When the search ended they put a groups of kids there shouting slogans, the ones it only occurs to Cuban revolutionaries to utter. The babies were babbling about worms, U.S. imperialism, and referring to Fidel.

Carl told me that the officer who interrogated him told him that the only God is Fidel and that Jesus Christ was the first communist. For all he thought, the son of Mary should have been twisting on the cross again.

Now the struggle of the family starts to get his cell phone returned to him. I have gone twice to the military headquarters in Agramante between Maceo Street and Liberty, marking that location, but have been unsuccessful.
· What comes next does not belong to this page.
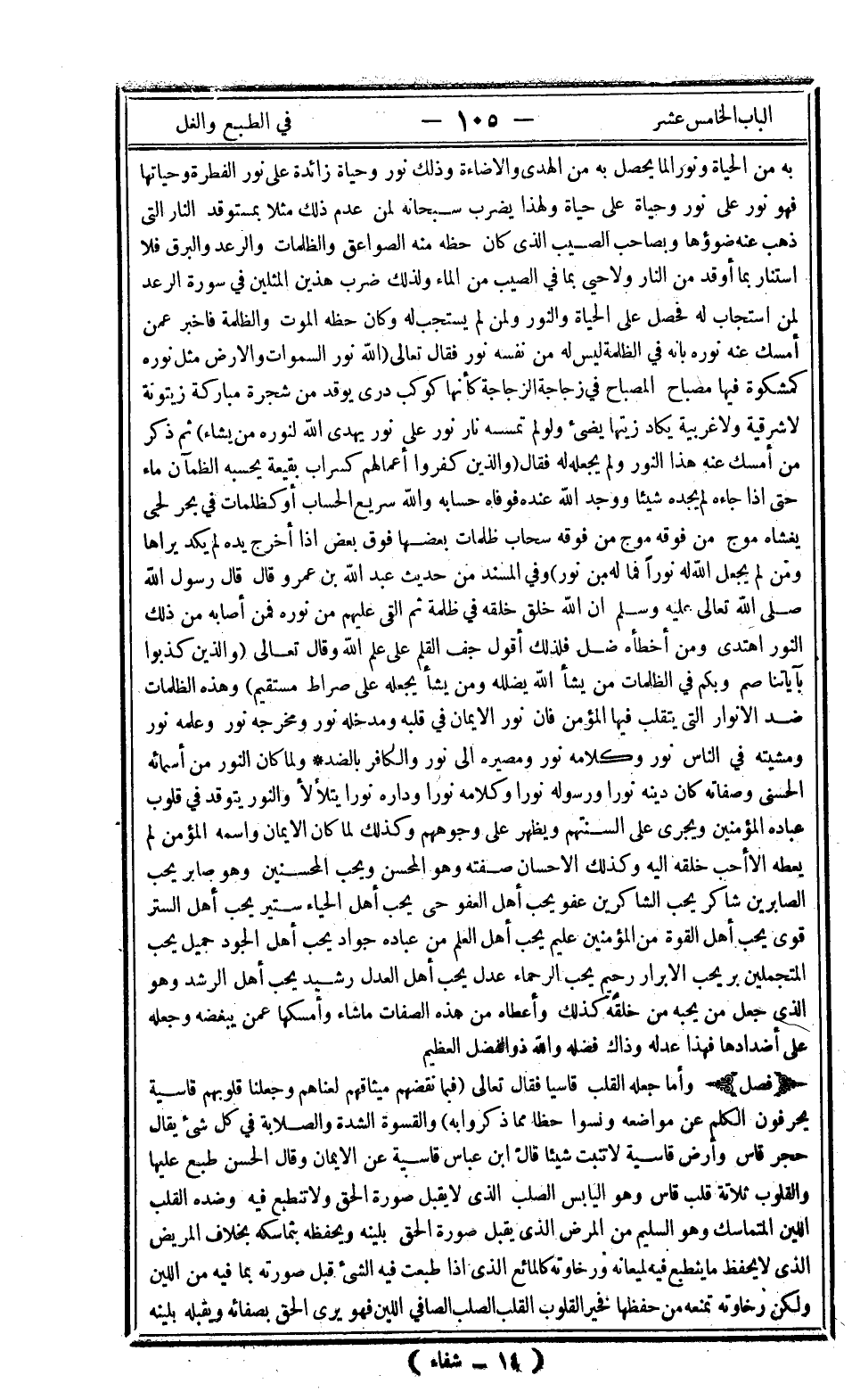 به من الحياة ونورا لما يحصل به من الهدى والإضاءة وذلك نور وحياة زائدة على نور الفطرة وحياتها فهو نور على نور وحياة على حياة ولهذا يضرب سبحانه لمن عدم ذلك مثلا بمستوقد النار التي ذهب عنه ضوؤها وبصاحب الصيب الذي كان حظه منه الصواعق والظلمات والرعد والبرق فلا استنار بما أوقد من النار ولا حيي بما في الصيب من الماء ولذلك ضرب هذين المثلين في سورة الرعد لمن استجاب له فحصل على الحياة والنور ولمن لم يستجب له وكان حظه الموت والظلمة فأخبر عمن أمسك عنه نوره بأنه في الظلمة ليس له من نفسه نور فقال تعالى: {اللَّهُ نُورُ السَّمَاوَاتِ وَالأَرْضِ مَثَلُ نُورِهِ كَمِشْكَاةٍ فِيهَا مِصْبَاحٌ الْمِصْبَاحُ فِي زُجَاجَةٍ الزُّجَاجَةُ كَأَنَّهَا كَوْكَبٌ دُرِّيٌّ يُوقَدُ مِنْ شَجَرَةٍ مُبَارَكَةٍ زَيْتُونَةٍ لا شَرْقِيَّةٍ وَلا غَرْبِيَّةٍ يَكَادُ زَيْتُهَا يُضِيءُ وَلَوْ لَمْ تَمْسَسْهُ نَارٌ نُورٌ عَلَى نُورٍ يَهْدِي اللَّهُ لِنُورِهِ مَنْ يَشَاءُ} ثم ذكر من أمسك عنه هذا النور ولم يجعله له فقال: {وَالَّذِينَ كَفَرُوا أَعْمَالُهُمْ كَسَرَابٍ بِقِيعَةٍ يَحْسَبُهُ الظَّمْآنُ مَاءً حَتَّى إِذَا جَاءَهُ لَمْ يَجِدْهُ شَيْئاً وَوَجَدَ اللَّهَ عِنْدَهُ فَوَفَّاهُ حِسَابَهُ وَاللَّهُ سَرِيعُ الْحِسَاب أَوْ كَظُلُمَاتٍ فِي بَحْرٍ لُجِّيٍّ يَغْشَاهُ مَوْجٌ مِنْ فَوْقِهِ مَوْجٌ مِنْ فَوْقِهِ سَحَابٌ ظُلُمَاتٌ بَعْضُهَا فَوْقَ بَعْضٍ إِذَا أَخْرَجَ يَدَهُ لَمْ يَكَدْ يَرَاهَا وَمَنْ لَمْ يَجْعَلِ اللَّهُ لَهُ نُوراً فَمَا لَهُ مِنْ نُورٍ} وفي المسند من حديث عبد الله بن عمرو قال قال رسول الله صلى الله عليه وسلم أن الله خلق خلقه في ظلمة ثم ألقى عليهم من نوره فمن أصابه من ذلك النور اهتدى ومن أخطأه ضل فلذلك أقول جف القلم على علم الله وقال تعالى: {وَالَّذِينَ كَذَّبُوا بِآيَاتِنَا صُمٌّ وَبُكْمٌ فِي الظُّلُمَاتِ مَنْ يَشَأِ اللَّهُ يُضْلِلْهُ وَمَنْ يَشَأْ يَجْعَلْهُ عَلَى صِرَاطٍ مُسْتَقِيمٍ} وهذه الظلمات ضد الأنوار التي يتقلب فيها المؤمن فإن نور الإيمان في قلبه ومدخله نور ومخرجه نور وعلمه نور ومشيته من الناس نور وكلامه نور ومصيره إلى نور والكافر بالضد، ولما كان النور من أسمائه الحسنى وصفاته كان دينه نورا ورسوله نورا وكلامه نورا وداره نورا يتلألأ والنور يتوقد في قلوب عباده المؤمنين ويجري على ألسنتهم ويظهر على وجوههم وكذلك لما كان الإيمان واسمه المؤمن لم يعطه إلا أحب خلقه إليه وكذلك الإحسان صفته وهو المحسن ويحب المحسنين وهو صابر يحب الصابرين شاكر يحب الشاكرين عفو يحب أهل العفو حي يحب أهل الحياء ستير يحب أهل الستر قوى يحب أهل القوة من المؤمنين عليم يحب أهل العلم من عباده جواد يحب أهل الجود جميل يحب المتجملين بر يحب الأبرار رحيم يحب الرحماء عدل يحب أهل العدل رشيد يحب أهل الرشد وهو الذي جعل من يحبه من خلقه كذلك وأعطاه من هذه الصفات ما شاء وأمسكها عمن يبغضه وجعله على أضدادها فهذا عدله وذاك فضله والله ذو الفضل العظيم.

This time there will be more of us protesting, I’m sure. With what wonders the year begins!

Translated by Luz Brito

Why Don’t You Blog?

2 Jan

The question is asked by Mr. Sullivan with his goodly toadface and the desire to add me to the online bad boys. Boy, why don’t you blog?  I hear the same from the girl from Factor street, the one with all the prizes.

In my previous and dead blog, “Animal de Alcantarilla” I managed to see once the generous hand of someone who showed sympathy and downloaded some archives for me containing what I had re-sent by pencil, dictated, and all that with the very high rates that ETESCA charges citizens. And going through the intricacies of censorship; that is to say, I was asking my friends to let me send my post through their email.
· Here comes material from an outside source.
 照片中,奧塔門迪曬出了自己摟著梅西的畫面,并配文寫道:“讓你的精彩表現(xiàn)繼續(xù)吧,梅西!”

At the rate we’re going I will come to the Cybercafe in the Santiago Hotel with a drum, a plume of feathers and some herbs to launch a moan or emoticons to see if they reach the blogosphere.

Yet I feel myself to be a postmodern guy.

I can not expound in any peroration to make it true, at least make it my truth. When I say something it’s already a week later and the potential readers were savoring the delicacies of the Island’s restive bloggers. Even when I opine without knowing on many occasions that this comment has already been pasted into diatribes and emails.

My goal was to jump every 15 days the 60 miles between Holguin and Santiago de Cuba to send a post when I had the 10 chavitos (convertible currency) but you can’t use any flash memories there. ETECSA has put a digital lock so that only you can read and write to those computers that Sol Melia rents to Cubans.

At least I will have the pleasure of donating to the Cuban blogosphere the first blog written on stone that ages at the same time it is written.

It closes the circle, my adrenaline level rises and I like to start the year in full swing. Why not blog? says a voice that thunders in my ears. One question that has never been more real.